Declan chuckled. “You’re lucky the garlic bread is the only casualty and that I didn’t keel over with a heart attack the moment I saw you.”

Fawn appreciated the three men as they kept up the lightly bantering conversation as the four of them ate dinner. It gave her time to think her own thoughts.

The first question being, how could River be Connall, as it seemed more and more likely he might be?

The second question was, how could he not be, with the evidence of those photographs of Connall Quinn as a baby and toddler, and the fact that Fawn didn’t remember a single thing about River before she was eight, when River would have already been four.

Almost four, if he really was Connall. Dear God, even River’s birthday might not be on the actual day he had always celebrated it, but rather it had been guesswork on her mother’s part.
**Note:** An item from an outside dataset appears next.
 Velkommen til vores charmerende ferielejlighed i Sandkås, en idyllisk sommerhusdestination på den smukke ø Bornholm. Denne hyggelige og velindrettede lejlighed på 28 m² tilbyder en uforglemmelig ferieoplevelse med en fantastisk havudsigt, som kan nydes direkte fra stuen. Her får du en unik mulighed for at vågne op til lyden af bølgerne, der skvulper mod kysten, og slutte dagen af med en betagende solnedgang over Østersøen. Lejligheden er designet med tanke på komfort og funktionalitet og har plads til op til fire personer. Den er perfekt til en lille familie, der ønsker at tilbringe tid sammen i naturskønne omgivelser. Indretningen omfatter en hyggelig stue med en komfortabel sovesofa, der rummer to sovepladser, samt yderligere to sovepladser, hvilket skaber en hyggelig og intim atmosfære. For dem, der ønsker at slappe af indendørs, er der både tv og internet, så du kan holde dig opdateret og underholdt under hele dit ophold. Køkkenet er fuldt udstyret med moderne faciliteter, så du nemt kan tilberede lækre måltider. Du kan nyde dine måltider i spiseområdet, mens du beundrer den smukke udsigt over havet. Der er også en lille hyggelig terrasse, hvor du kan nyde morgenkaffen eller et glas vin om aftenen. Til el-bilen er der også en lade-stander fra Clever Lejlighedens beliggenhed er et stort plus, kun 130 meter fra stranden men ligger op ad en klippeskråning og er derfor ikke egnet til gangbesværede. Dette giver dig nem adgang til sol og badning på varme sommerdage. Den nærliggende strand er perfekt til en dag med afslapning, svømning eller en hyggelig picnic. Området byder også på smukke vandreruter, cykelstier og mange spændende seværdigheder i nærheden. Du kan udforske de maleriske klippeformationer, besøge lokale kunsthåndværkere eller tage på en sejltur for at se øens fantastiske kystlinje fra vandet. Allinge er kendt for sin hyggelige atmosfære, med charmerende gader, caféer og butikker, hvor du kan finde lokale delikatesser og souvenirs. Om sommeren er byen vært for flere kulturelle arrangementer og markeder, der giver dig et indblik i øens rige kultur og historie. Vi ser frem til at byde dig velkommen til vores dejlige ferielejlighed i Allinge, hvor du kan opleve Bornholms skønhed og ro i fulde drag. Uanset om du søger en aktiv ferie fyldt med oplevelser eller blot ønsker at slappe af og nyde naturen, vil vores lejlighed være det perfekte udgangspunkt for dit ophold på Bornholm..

The sooner Fawn looked through her parents’ personal papers, the better.

“Are you okay?” Declan prompted some time later as the two of them sat in the back of the SUV while Danny drove them to the apartment she shared with River. Declan held tightly to Fawn’s hand.

“Shouldn’t I be asking you that?” she teased.

He gave a self-derisive grimace. “Did I overstep by talking about the two of us having children, in front of River and Danny, when I haven’t even asked you to marry me yet?”

Fawn laughed. “You can make it up to me later.”

“Can I ask you to marry me later too?”

She sobered. “I can already tell you my answer will be yes.”

Declan’s eyes brightened, the tension easing a little in his shoulders. “Thank you.”

She smiled. “I love you, and I know it will be just as much my pleasure to be your wife,” she assured huskily.

“I really hope, for both your sakes, that River is Connall.” She could only imagine the heartache it must have been for Declan to lose his son and never know what had happened to him beyond the age of four.

They had promised River that they wouldn’t look through the box of their parents’ things, but would bring it back to Declan’s apartment for them all to look through together.

Which was exactly what they did for the first hour after they returned to Declan’s penthouse apartment. Most of the papers were actually drawings and other artwork from Fawn and River’s childhood. Good memories, but hardly helpful in their quest.

There were half a dozen of the journals Fawn had mentioned, and so the four of them each took one to look through. Hopefully, they might find something useful in one of them; if not, they would have to look through the last two as well.

Declan sat on the couch to look through his, with Fawn sitting on the carpeted floor between his legs, flicking through a second one. The two of them gave in to their need to touch each other.

River sat in a chair, looking through the third journal, with Danny also sitting on the floor next to him, looking through the fourth. Probably for the same reason: he wanted to be close to River.